MMD is a cerebrovascular disease characterized by progressive stenosis of the intracranial internal carotid arteries and their proximal branches . MMD is most prevalent in East Asia，and is among the major causes of cerebral stroke in adults and children. Generally, most children that suffered from MMD developed cerebral infarction or transient ischemic attack (TIA) . Previous stydies showed Treg cells and TGF-β are involved in pathophysiology of MMD by upregulating the expression of vascular endothelial growth factor (VEGF) which may promote MMD angiogenesis. Moreover，Treg-produced TGF-β can also induce the production of VEGF and stimulate subsequent angiogenesis. The increased of VEGF was positively correlated with TGF-β, suggesting that a functional promotion of TGF-β to the proliferation of vascular endothelial cell that leads to vessels hyperplasia in MMD [27,28,29]. Interestingly, as mentioned previously, the SMAD4 mutations in the individual with MS can also result in increased TGF-β signaling and TGF-β may induce production of VEGF which may lead to abnormal vessels hyperplasia in MMD. We thus hypothesize that vessel abnormality found by our DSA detection could theoretically be a result of molecular abnormality shared by MS pathogenesis, or MMD and MS are just two unrelated diseases.
In conclusion, we present an rare comorbidity of MS and MMD in a young female who developed recurrent hemiplegia and seizure aside of classic MS phenotypes. There is the limitation in this study due to a single case report, MS might be associated with angiographic findings of moyamoya vessels. However, precise evidences for a common pathogenesis at molecular level of the two diseases was missing. In our future study，more similar cases should be collected for further study, and animal models should be created to prove whether the two diseases have the same pathway or mechanism.
MS: Myhre syndrome; BMP: bone morphogenetic pathway; TGF-β: transforming growth factor; MRI: Magnetic resonance imaging; MRS: magnetic resonance spectroscopy; DSA: digital subtraction angiography; MMD: Moyamoya disease; ECM: extracellular matrix; TIA: transient ischemic attack; VEGF: vascular endothelial growth factor; MMPs: matrix metalloproteases;
Ethics approval and consent to participate
Informed consent was obtained from the patient’s parents and this study was approved by the ethics committee of the Second Xiangya Hospital of Central South University.
Consent for publication
Consent to publish was obtained in written form from the patient’s parents. Additionally, the patient consented to the publication of all personal and medical details included in the case report as well as the accompanying images.
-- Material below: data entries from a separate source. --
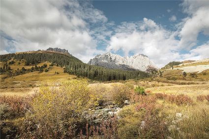 多吉卓瑪山和紅灌木被晨光打得透亮,聞到了紅灌木被陽光照射后散發(fā)的香味,這微濃的香味,帶給人無限的遐想。我的心里住著滿滿的秋色,只言片語已無法勾勒出秋的美!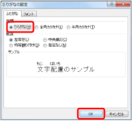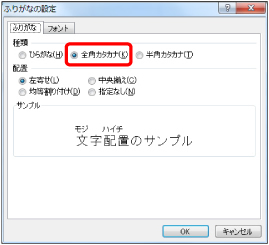「ふりがなの設定」メニューが開きます。ふりがなの種類は「全角カタカナ」になっています。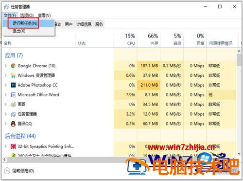 4、出现的下拉选项,点击【运行新任务】。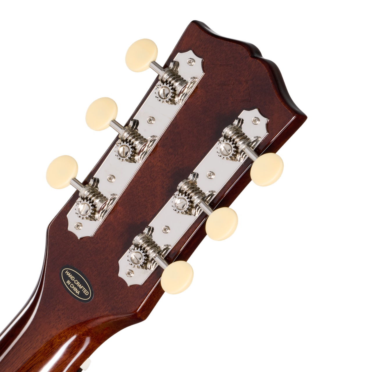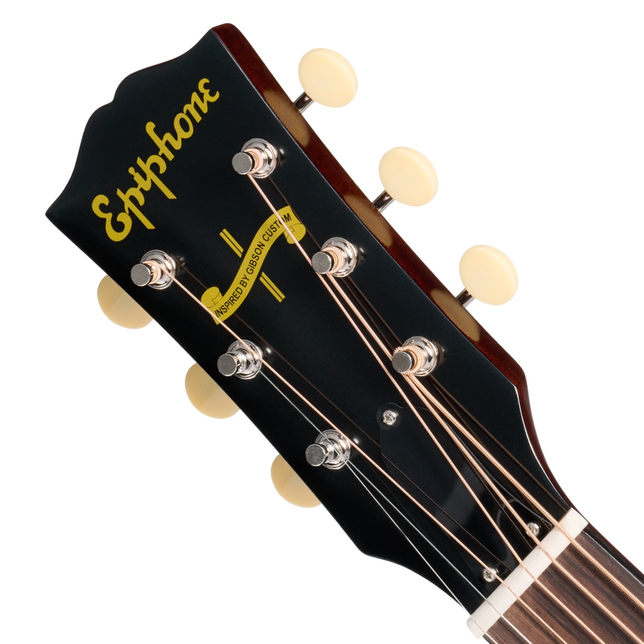 ヘッドストックはギブソンの“オープンブック”シェイプを採用。裏面にはInspired by Gibson Customのダブル・ダイヤモンド・ロゴが刻まれ、表面にはエピフォンロゴと「Epiphone Inspired by Gibson」バナーがゴールドのシルクスクリーンであしらわれています。

Availability of data and materials
The datasets used during this study are provided from the corresponding author on reasonable request.
The authors have no conflicts of interest.
Dr. Liuqun Liu was supported by Chinese National Natural Science Foundation (No. 81873762) and Dr. Lingjuan Liu was supported by Chinese National Natural Science Foundation (No. 81501039), and Liqun Liu Province Science and Technology Key Project(No.2018SK2069) and Hunan Province Weijian Commission Project ( No. B20180311). These funding were used in the design, collection, data analysis of the study and in writing the manuscript.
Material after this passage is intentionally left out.